Once upon a time in a long-forgotten place, I fell in love. This was a life-changing, head-over-heels-kind-of-love, and the subject of my swoon was Robert Frank’s seminal book of black and white photographs, The Americans.
At the time, I was an aspiring photographer, and Frank’s pictures blew the top off my head and showed me what photography could be. The Americans had the same effect on tens of thousands of other photographers at all skill levels, and it reverberated among artists, writers and other observers of the American scene. Such is its power that 50 years later we are still talking about and showing the Americans.
Frank’s pictures were idiosyncratic, brutally honest, dark, foreboding and furtive. Those pictures absolutely killed. Robert Frank’s take on America was almost exactly the opposite of the country’s prevailing vision of itself – more Allen Ginsberg and Jack Kerouac than Eisenhower. It was a beat generation document but a whole lot more. The Americans upset a lot of people of course, given the less than rose colored tint it portrayed. “A sad poem for sick people” was one comment.
In the recent New Yorker write-up on the Frank show at the Met, Anthony Lane remarks on how Frank shot over 760 rolls of film on three trips around the U.S. on a Guggenheim grant. He developed his film, made his contact sheets, and set about printing a group of selected images. He printed one thousand work prints (a work print refers to a quickly made image that a photographer will consider over time and then later print to exacting specifications) of this place called America. That a Swiss born Jew in 1955 would conceive of somehow capturing the soul of these United States in a group of photographs is quite an astonishing proposition, but that’s a discussion for another time.

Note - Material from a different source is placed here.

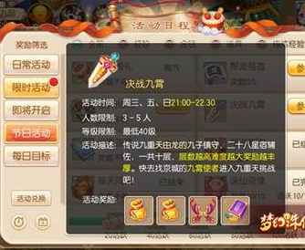 决战九霄作为每周三、五、日晚间开启的限时活动虽然9点就会开放场景地图,但是玩家想要真正进入九重天还需等到9点10分(其中的10分钟时间玩家会在九霄等待区逗留),所以当9点的活动开启时玩家没必要急着参与活动(该挂机的挂机,该组队的组队),等到9点10分再参与进去也不迟。

Here is what’s amazing. Robert Frank shot thousands upon thousands of photographs – 27,000+ in all. It’s not unusual for a documentary, street-shooting, photo-journalist type of photographer to shoot vast amounts of film – it’s the nature of the beast.
What’s incredible is the discipline and vision it took for Robert Frank to cull through his work and edit it down to only 83 (!) pictures. In the shooting, he collected the raw data. But like the filmmaker that he would soon become, it was in the editing room where the miracle occurred.
Through careful (and brutal) editing, and his sequencing, he told his unique story, changed the course of contemporary photography, influenced legions of photographers who followed him, and, reflected back to us an image of ourselves wholly unexpected, uncomfortable, unsettling, true.
So any of us who write for a living, (or do other kinds of creative work) one of the lessons of Frank’s achievement is this: Great work involves culling, murdering your darlings – letting go of all your favorite, nifty little phrases and word choices and give the reader the heart and soul of the story.
Murder your darlings, if you have not yet heard the phrase, is attributed to Sir Arthur Quiller-Couch who taught writing at Oxford.